Maddie looked up at him, still clinging to her defiance. “But why not a single call? Why did you have time for other people and not for me?”
He wanted to kiss her so desperately. He leaned in—
“Hank! Tell me!” Her voice was cracking.
He kept his fingers at the back of her neck, in that warm place beneath the fall of her beautiful hair. “I wrote to my mother in advance . . .”
“You what?” She wasn’t able to follow his words when he touched her like that. Her eyes were already beginning to cloud with lust.
“I wrote fifty-two letters in advance,” he repeated.
“So . . . why didn’t you . . .” She moaned when he reached his hand under her long-sleeved T-shirt.
“I couldn’t write to you in advance . . . it felt like a fraud. My mother just wants to know I’m alive. You? I couldn’t . . . I just wasn’t able to bring myself to do that.”
He leaned in and kissed her neck, and someplace in the back of her mind she thought she should be fighting harder to tell him something or demand something. Her head was still fogged from drinking too much the night before, after being so torn up about him just the day before. Wrecked. It was too much.
“Hank. Please stop.” She said it so softly, but he felt it more powerfully than if she’d clocked him.
“What is it?”
“I just need to look at you and touch you and know you’re real. It’s been so long, Hank. Really, really long.”
His brow pulled tight. “I’ve thought of you every minute,
Maddie. I’ve been working on a project, so completely immersed, and you are always with me. I think of things that I’m going to tell you, and stories about the stuff I’m doing, and what I’m going to do to your body . . .”
She swayed into him, her lips barely an inch from his. “I don’t trust you, Hank.”
Maybe it would have been better if she had clocked him. He felt the wind get knocked out of him after he heard those words. He set her a little bit farther away from him. “You don’t trust me?! I just knocked on your front door and some good-time-Charlie kisses you good-bye, and you don’t trust me? This is unbelievable!”
Maddie moved away from him and sat at the foot of her bed. She looked around her bedroom and tried to see it through Hank’s eyes. There was evidence of her infatuation with him everywhere. The jewelry box with the coin in it was sitting on her bedside table. A picture of the two of them that Janet had taken over the summer was framed and sitting atop her dresser. A movie stub. A fortune from one of the Chinese fortune cookies from Ming’s. Small scraps were tucked into the edge of the frame of her mirror. The brown wrapping paper with the Greek stamps and her address in Hank’s handwriting was in a shadow-box frame over her bed.
He looked at all the evidence and then smiled down at her. “Really? I think you’ve missed me as much as I’ve missed you.

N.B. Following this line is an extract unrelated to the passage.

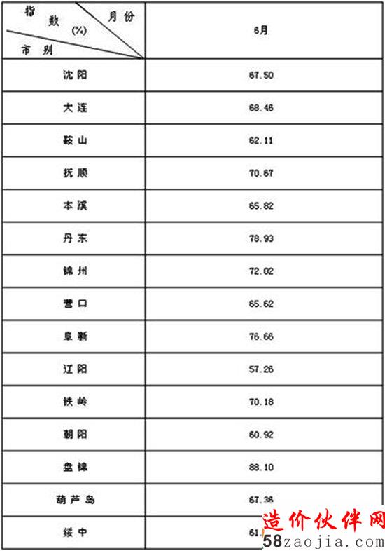 [辽宁]2014年6月市政道路工程材料价格综合指数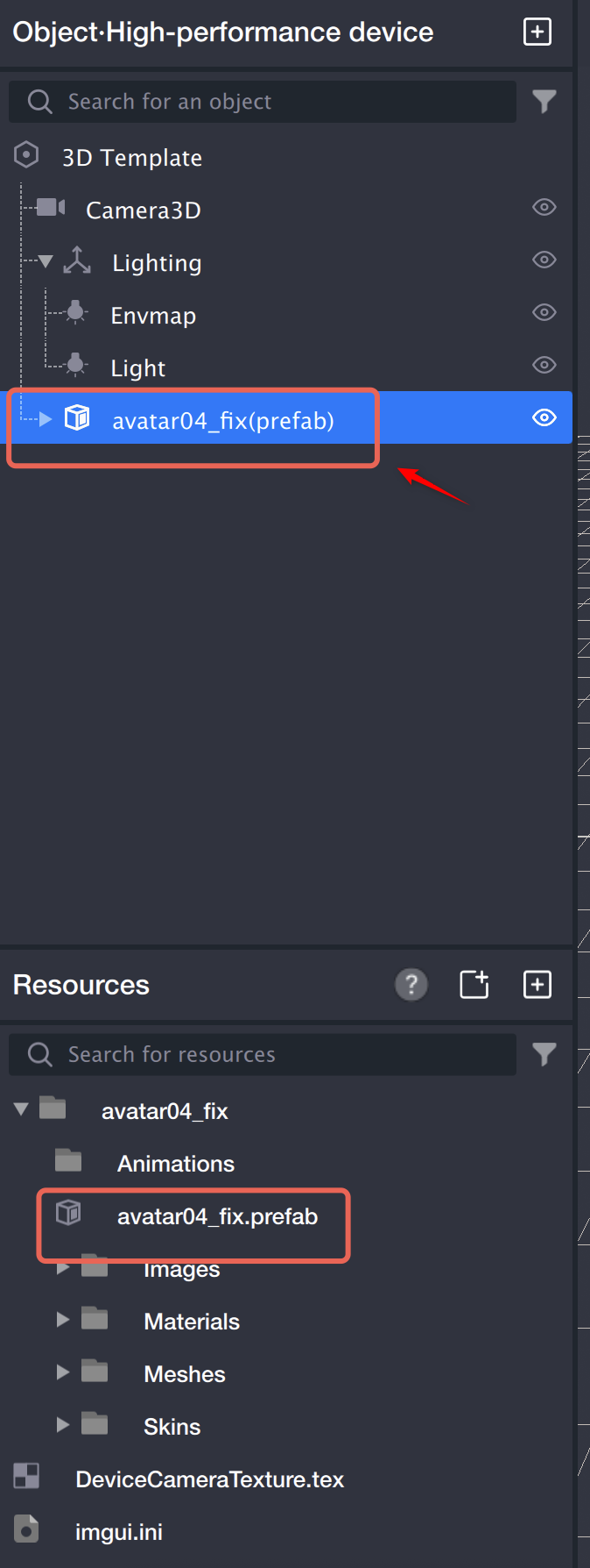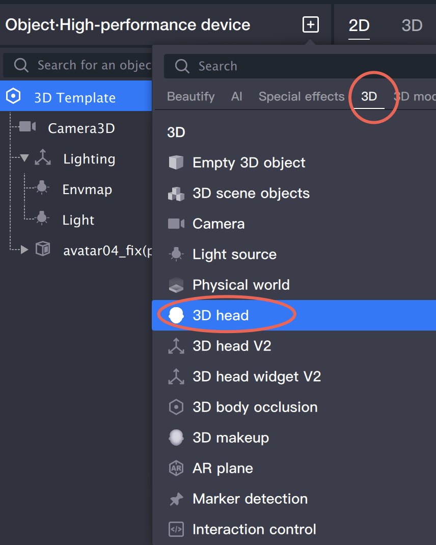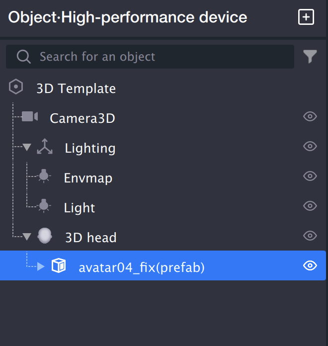 1. 在对象面板点击右键,选择新建 > 3D 人头,新建一个 3D 人头对象,将 prefab 文件拖到 3D 人头的子级。

And you’re too stubborn to admit it.”
He kneeled at the end of the bed, pushing her legs apart so he could see her eye-to-eye and lean into her. Whatever had happened on the phone with his mother, Maddie had been devastated. Hank took a deep breath.
“I’m so sorry, Maddie. I . . . I don’t have any idea how to do this right. I took the assignment because the pay is amazing and it ends in August and I thought, maybe, if you still cared about me, we could be together then. I’ll have enough saved to go . . . wherever you’re going. To Cyprus for the fellowship, or to California to train for the Olympics. Because you’re going places and you’re not going to be easy to keep up with, you know?”